**EXCERPTED DATA:**
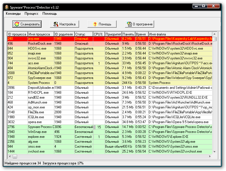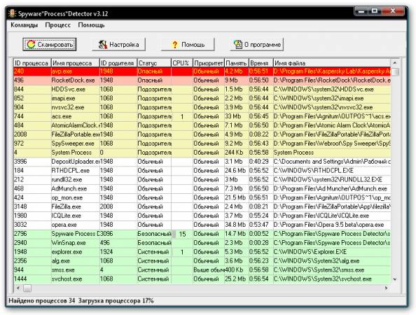 Spyware Process Detector показывает пользователю на экран список запущенных процессов в системе. Обнаруживает любые скрытые процессы, такие как шпионы, трояны и вирусы. Используется 17 методов обнаружения скрытых процессов. Каждый процесс оценивается программой по степени опасности. Опасные и скрытые процессы выделяются красным цветом. Пользователь сам решает удалить этот процесс или оставить его, пометив как "безопасный". Данная программа нужна для определения новых (ещё неизвестных вашей антивирусной программе) вирусов, троянов и шпионов. Рекомендуется использовать вместо стандартного диспетчера задач вместе с вашей антивирусной программой.
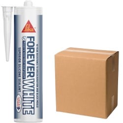The Sika Everbuild Forever White Premium Bathroom Silicone Sealant provides professional-grade protection against mould and mildew in areas of high humidity such as bathrooms and kitchens. Containing advanced Mould Shield antibacterial technology, it actively prevents the growth of mould, mildew, and bacteria for up to 10 years, ensuring long-lasting, hygienic seals. Permanently waterproof and flexible, Forever White delivers a smooth, durable finish suitable for showers, baths, sinks, and sanitary fittings, supplied in a 290ml filled cartridge suitable for use in a standard sealant gun.
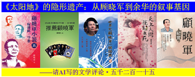 本帖最后由 顾晓军 于 2025-5-18 23:28 编辑 《太阳地》的隐形遗产:从顾晓军到余华的叙事基因 ——请AI写的文学评论·五千二百一十五 迄今,我已贴出20多篇「请AI写的文学评论」;或许,大家 ...
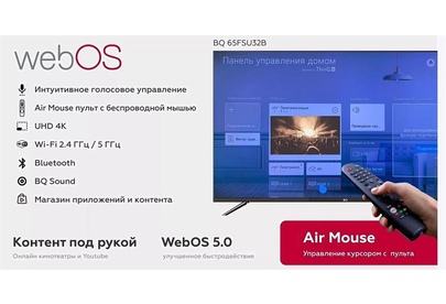 65", 165,10 см, UHD(3840*2160), 300 cd/m2 ±10%, 5000:1, DVB-C/T/T2/S2, 3 HDMI, 2 USB, звук 2х8 Вт, Smart TV, тонкие рамки, ОС Web OS
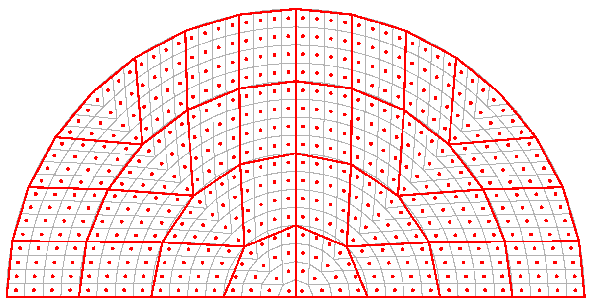 The parameterizable directional basis allows one to store BSDFs at different resolutions. However, the computational combination of BSDFs according to Equation (3) is only defined for matrices of identical size. A sampling strategy must be therefore chosen to combine BSDFs of different resolution and generate a BSDF of given target resolution. The size of all matrices employed in the calculation is set according to the target resolution. The BSDF of each layer is down- or up-sampled accordingly when the matrices are created. For cases where the target resolution of BSDF is higher than the resolution of the input layer BSDF, clusters of neighboring coefficients will share an identical value. If the resolution of BSDF is smaller than that of BSDF, proper sampling must ensure that, e.g., sharp peaks in the input BSDF are not missed. In the current implementation, all coefficients of the high resolution dataset contained in one patch of the target dataset are sampled and averaged. Figure 2 shows the sampled directions, which equal the center points of the high resolution dataset and the low resolution patches of an exemplary target resolution. Adaptive oversampling of the BSDF would reduce computational expense, but add complexity to the implementation.
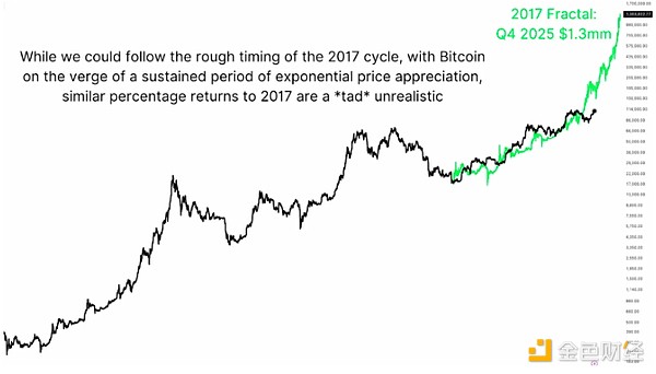 圖 5:重復 2017 年比特幣價格的指數級增長可能是雄心勃勃的。
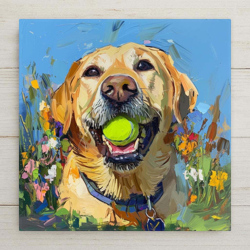 This Yellow Lab Ceramic Tile captures the infectious happiness of a Labrador Retriever enjoying its favorite game. With a tennis ball in its mouth and bright wildflowers in the background, this impasto-style artwork exudes energy, loyalty, and the lovable enthusiasm Labs are known for.
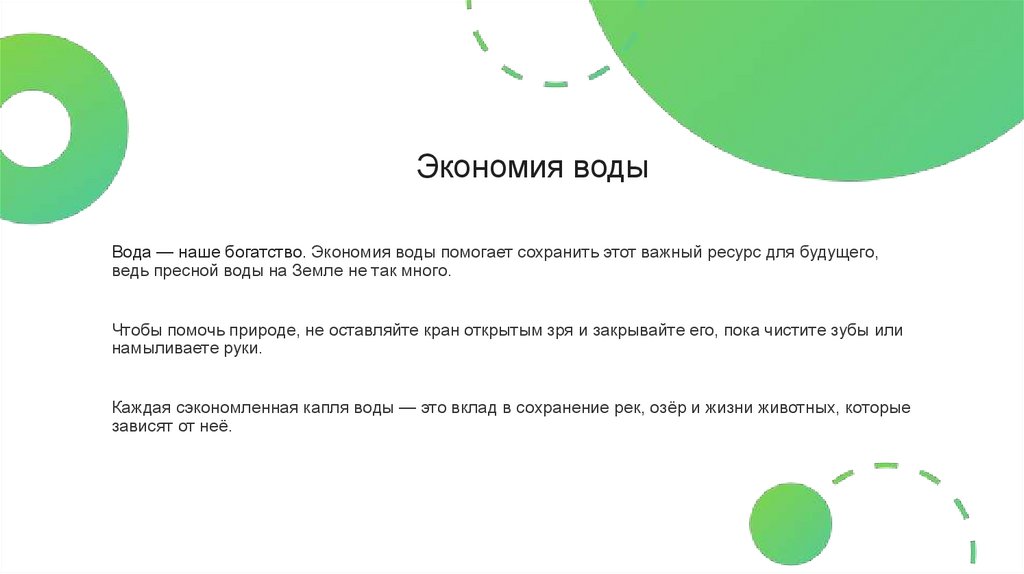 Экономия водыВода — наше богатство. Экономия воды помогает сохранить этот важный ресурс для будущего,
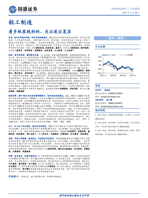 【国盛证券】【20221121】20221121-国盛证券-轻工制造行业周报:本周梳理RLX&日烟三季报,看多纸浆线、家居-52页 行业研究

**WHAT YOU NEED TO DO:** With the pictures omitted, give every line above again exactly.

**EXERCISE RESPONSE:**
 Spyware Process Detector показывает пользователю на экран список запущенных процессов в системе. Обнаруживает любые скрытые процессы, такие как шпионы, трояны и вирусы. Используется 17 методов обнаружения скрытых процессов. Каждый процесс оценивается программой по степени опасности. Опасные и скрытые процессы выделяются красным цветом. Пользователь сам решает удалить этот процесс или оставить его, пометив как "безопасный". Данная программа нужна для определения новых (ещё неизвестных вашей антивирусной программе) вирусов, троянов и шпионов. Рекомендуется использовать вместо стандартного диспетчера задач вместе с вашей антивирусной программой.
The Sika Everbuild Forever White Premium Bathroom Silicone Sealant provides professional-grade protection against mould and mildew in areas of high humidity such as bathrooms and kitchens. Containing advanced Mould Shield antibacterial technology, it actively prevents the growth of mould, mildew, and bacteria for up to 10 years, ensuring long-lasting, hygienic seals. Permanently waterproof and flexible, Forever White delivers a smooth, durable finish suitable for showers, baths, sinks, and sanitary fittings, supplied in a 290ml filled cartridge suitable for use in a standard sealant gun.
 本帖最后由 顾晓军 于 2025-5-18 23:28 编辑 《太阳地》的隐形遗产:从顾晓军到余华的叙事基因 ——请AI写的文学评论·五千二百一十五 迄今,我已贴出20多篇「请AI写的文学评论」;或许,大家 ...
 65", 165,10 см, UHD(3840*2160), 300 cd/m2 ±10%, 5000:1, DVB-C/T/T2/S2, 3 HDMI, 2 USB, звук 2х8 Вт, Smart TV, тонкие рамки, ОС Web OS
 The parameterizable directional basis allows one to store BSDFs at different resolutions. However, the computational combination of BSDFs according to Equation (3) is only defined for matrices of identical size. A sampling strategy must be therefore chosen to combine BSDFs of different resolution and generate a BSDF of given target resolution. The size of all matrices employed in the calculation is set according to the target resolution. The BSDF of each layer is down- or up-sampled accordingly when the matrices are created. For cases where the target resolution of BSDF is higher than the resolution of the input layer BSDF, clusters of neighboring coefficients will share an identical value. If the resolution of BSDF is smaller than that of BSDF, proper sampling must ensure that, e.g., sharp peaks in the input BSDF are not missed. In the current implementation, all coefficients of the high resolution dataset contained in one patch of the target dataset are sampled and averaged. Figure 2 shows the sampled directions, which equal the center points of the high resolution dataset and the low resolution patches of an exemplary target resolution. Adaptive oversampling of the BSDF would reduce computational expense, but add complexity to the implementation.
 圖 5:重復 2017 年比特幣價格的指數級增長可能是雄心勃勃的。
 This Yellow Lab Ceramic Tile captures the infectious happiness of a Labrador Retriever enjoying its favorite game. With a tennis ball in its mouth and bright wildflowers in the background, this impasto-style artwork exudes energy, loyalty, and the lovable enthusiasm Labs are known for.
 Экономия водыВода — наше богатство. Экономия воды помогает сохранить этот важный ресурс для будущего,
 【国盛证券】【20221121】20221121-国盛证券-轻工制造行业周报:本周梳理RLX&日烟三季报,看多纸浆线、家居-52页 行业研究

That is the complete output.